Серёга, наконец, окончательно вспомнил некоторые примечательные эпизоды из биографии генерала Краснова. Удивительная контрастность каковых подчёркивалась личным мужеством боевого генерала до революции семнадцатого года с откровенным предательством Родины после неё.
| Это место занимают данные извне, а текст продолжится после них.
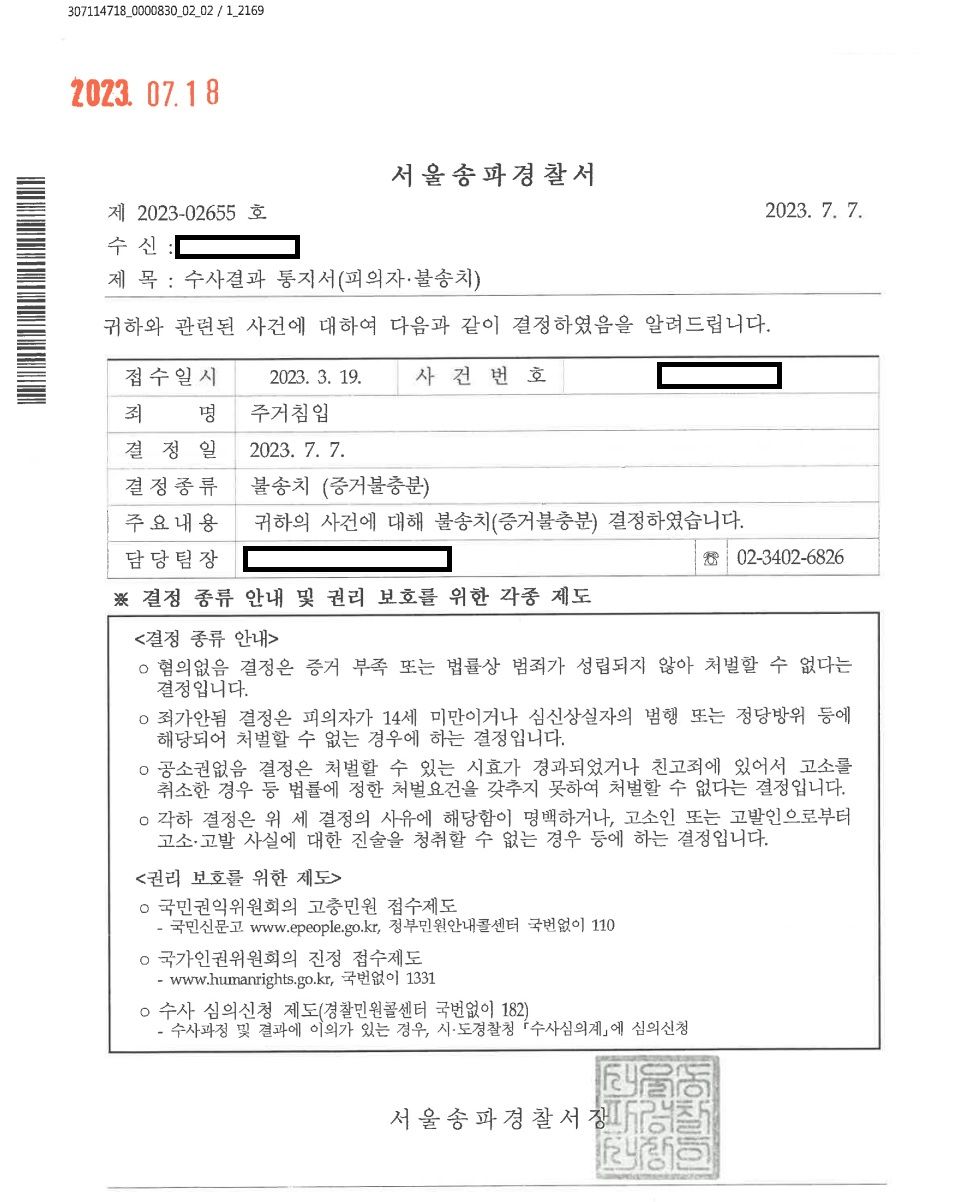 이러한 조력으로 인하여 주거침입에 대하여 불송치 결정을 받을 수 있었습니다.

«Вот такой был генерал, - вспоминал Серёга, словно чужие мысли подслушивал. – Сначала он на боевом муле совершил героический переход по Абиссинской пустыне, чтобы доставить секретный пакет сперва в Джибути, а потом в Санкт-Петербург. Разделавшись с пакетом, Краснов поехал на Дальний Восток и участвовал в боевых действиях во время русско-японской войны. Затем лично водил в атаки казаков во время второй Мировой. Но после революции, зараза, скурвился. То ему подавай Доно-Кавказский союз под патронажем Вильгельма второго, то Братство русской правды, а после и вовсе докатился до примитивного немецко-фашистского прихвостня…»
- Вот именно, - поддакнул Вергилий, - вот такое у ваших падлов понятие о патриотизме. К самому чёрту готовы бежать на службу, лизать ему рога, копыта и задницу, но только чтобы сохранить своё личное, подчас совершенно корявое понятие о любви к Родине. Где в этой Родине любой представитель данной категории вышеупомянутых падлов любит только себя, свой собственный коряво вычурный внутренний мир, ни на чей мир не похожий, но зато самолично построенный, выпестованный и обслюнявленный.
- Что вы такое говорите про уважаемого патриота, замечательного писателя и легендарного человека генерал-лейтенанта Краснова? – возник на смотровой площадке бес отвратной наружности и похожий на некоего Будницкого О. В.
- Сгинь, нечистая сила! – рявкнул на беса Вергилий и так ахнул его портфелем промеж рог, что бес враз кувыркнулся через перила и угодил в самую гущу вторичных отдыхающих. И те, не разобрав в толчее его бесовского чина, сожрали нечистого вместе с рогами, копытами и антидемократским задором.
- Похож на Будницкого, - тем временем бормотал Серёга, наблюдая доедаемого беса, - кто такой этот сучий потрох Будницкий? И почему я знаю биографию генерал Краснова, в то время как у меня эта фамилия ассоциируется с книгой под названием «География растений» 1901 года издания господина Сытина?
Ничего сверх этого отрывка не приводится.